Бэрей удивился, но фрау не заметила.
— Госпожа Канторек из Мюнхена, — сказал мой дивный тюленёнок, — я даже не понимаю до конца, какой смысл вы вкладываете в это слово. Разные люди называют «коммунизмом» разные явления.
— Вы уважаете частную собственность? — уточнила немка.
— Я не очень понимаю, как можно уважать собственность, — сказал Бэрей. — Я уважаю разумных существ. А они, по моему разумению, собственностью быть не могут.
В зале начали хихикать.
Немка значительно посмотрела на штатника. Штатник растерялся окончательно.

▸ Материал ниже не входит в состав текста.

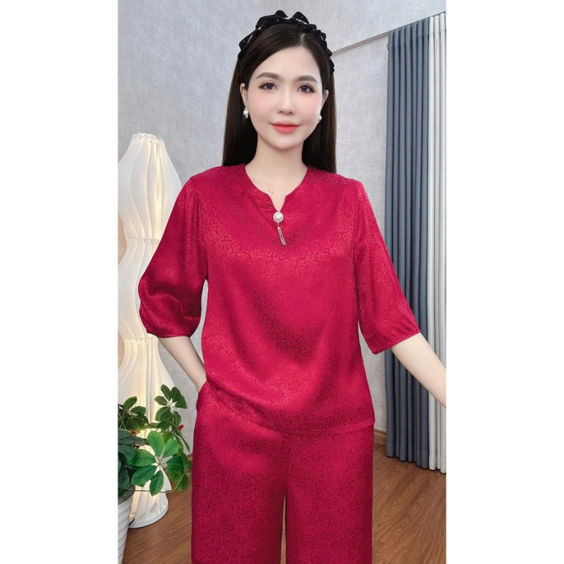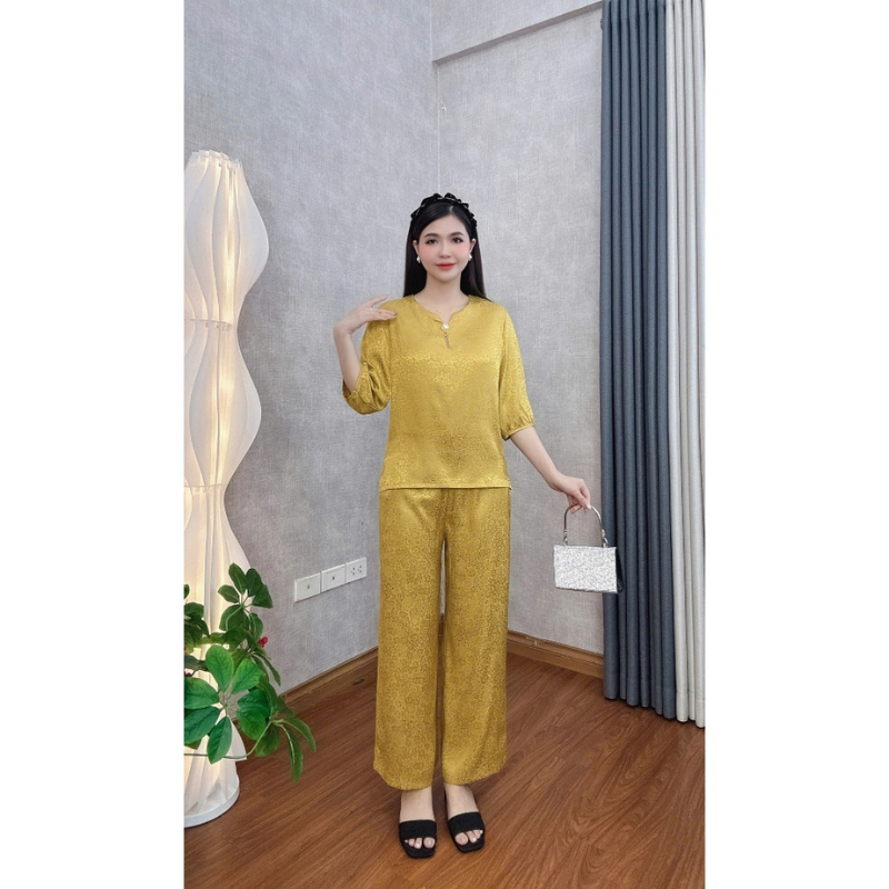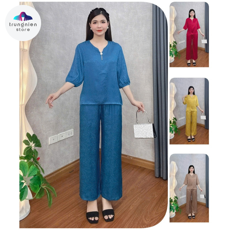 Bộ Đồ Lụa Trung Niên Mặc Nhà Cho Mẹ Trung Niên Store Chất Liệu Mềm Mại Hoạ Tiết Hoa Xanh Mát Mẻ Thoáng Khí B09
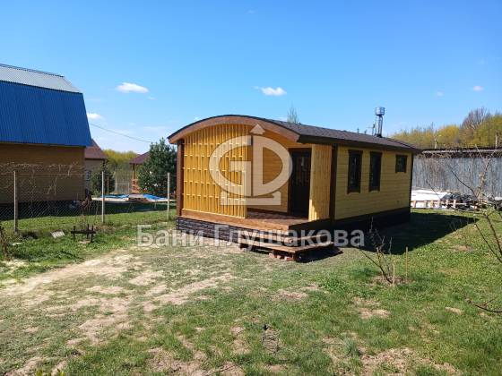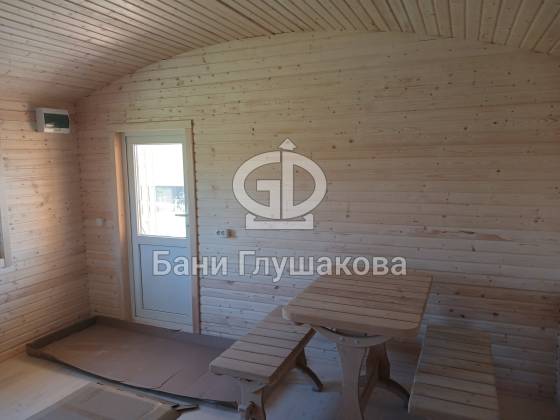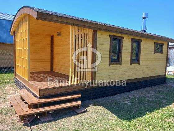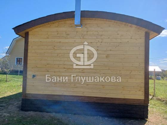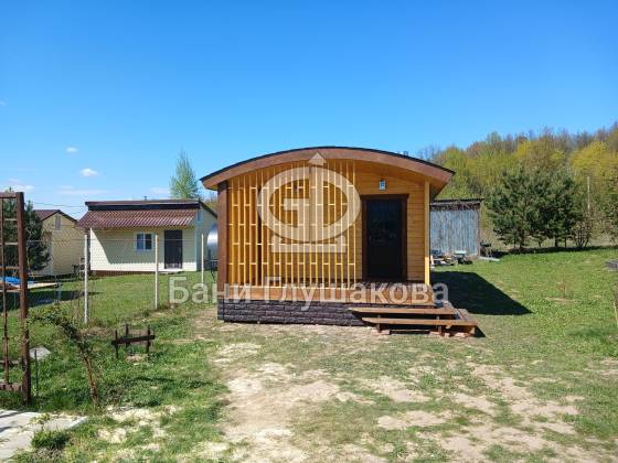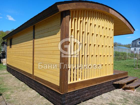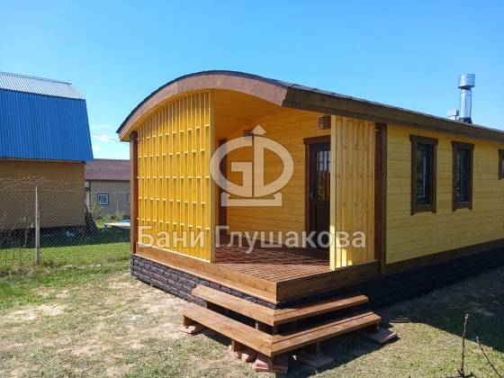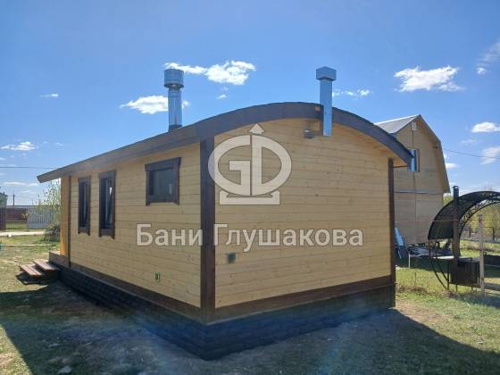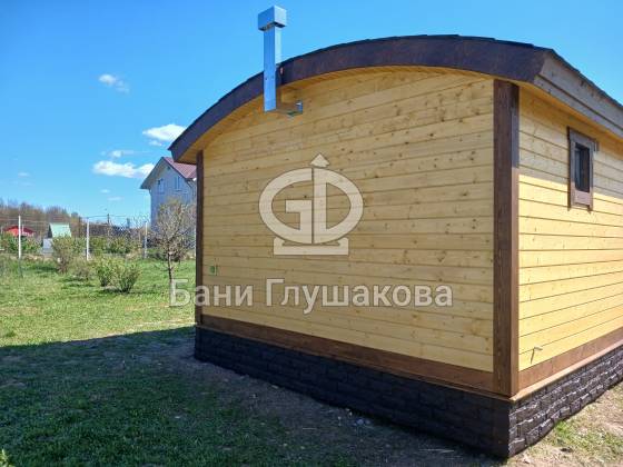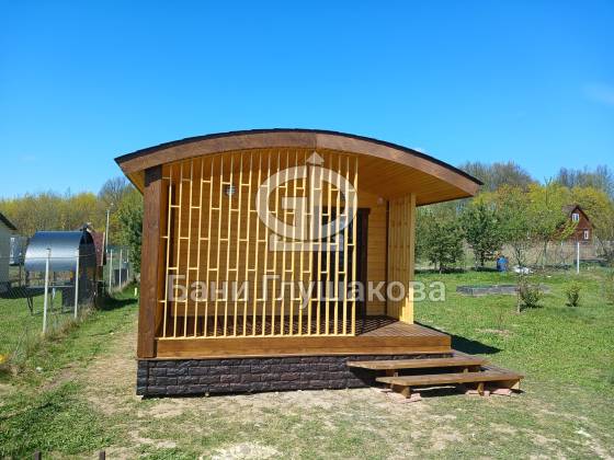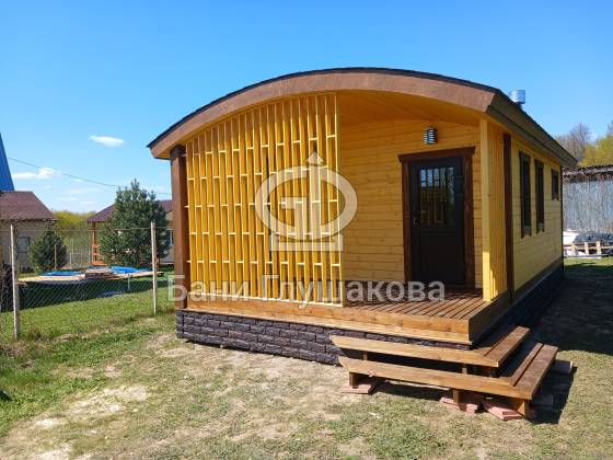 Внешний вид бани подчёркивает фирменная округлая крыша — эффектная, необычная и идеально вписывающаяся в концепцию загородного уюта. Для гармонии образа цоколь обшит декоративным кирпичом в тон наличников, а угловое крыльцо делает вход особенно выразительным.
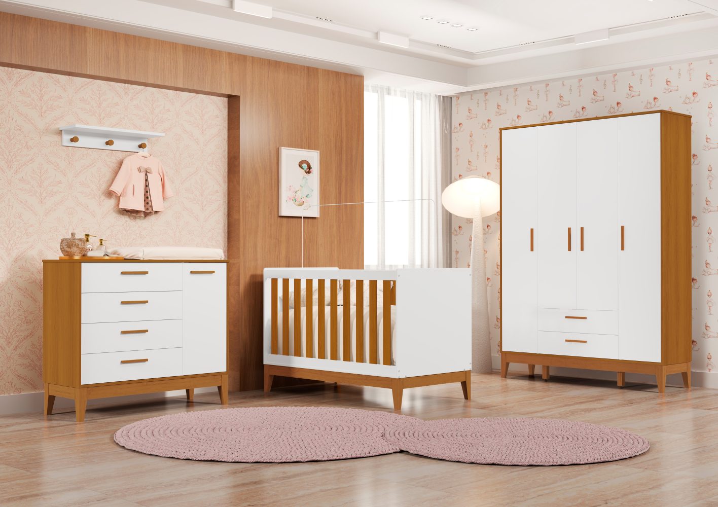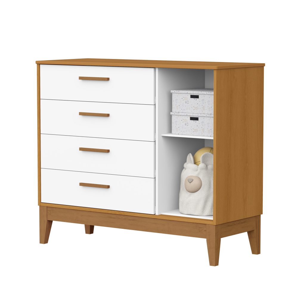 Cômoda Sapateira Flip é produzida em 100% MDF, oferecendo resistência e durabilidade. Possui 4 gavetas amplas com corrediças telescópicas, 1 porta com prateleira móvel interna, adaptável à sua necessidade, além de puxadores robustos em MDF revestido, pés em madeira e sistema anti-tombamento, garantindo mais segurança para o ambiente infantil.
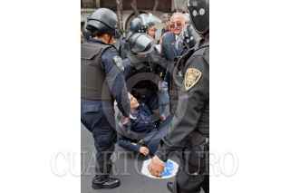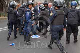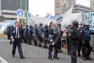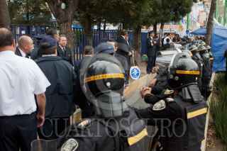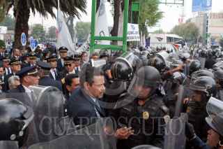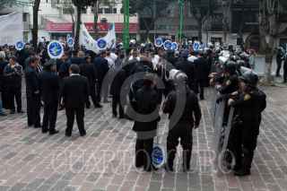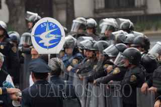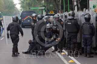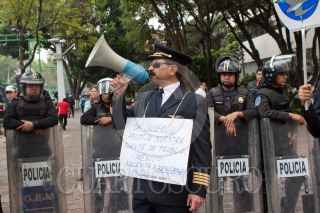 MÉXICO, D.F., 09NOVIEMBRE2011.- Integrantes de la Asociación Sindical de Pilotos Aviadores de México fueron replegados por los granaderos de la Secretaría de Seguridad Pública, cuando bloqueaban el cruce de las avenidas Eje Central y Xola en las inmediaciones de la Secretaría de Comunicaciones y Tranpsortes, los pilotos que pertenecen a la empresa Mexicana de Aviación se manifestaban por una solución a su situación laboral, ya que dicha compañía permanece sin actividades por falta de solvencia. El día de ayer se anunció que un grupo de empresario están dispuestos a inyectarles a la compañía cerca de 400 millones de dólares. FOTO: MOISÉS PABLO/CUARTOSCURO.COM

— Некоторые называют «коммунизмом» братство обитателей всего мира, — продолжал Бэрей. — Равенство перед законом. Творческий труд на общее благо. С этой точки зрения я «коммунист». Но я слышал, как другие люди называли «коммунизмом» насилие группы над всем остальным обществом, жестокое обращение с себе подобными, ещё какие-то непонятные нам вещи… вроде подглядывания за поведением других, чтобы сообщить всем, что эти другие ведут себя неправильно. С этой точки зрения я не «коммунист». И я вас уверяю, люди: никто из нас не станет учить детей жестоко вести себя друг с другом. Это вообще не в наших традициях.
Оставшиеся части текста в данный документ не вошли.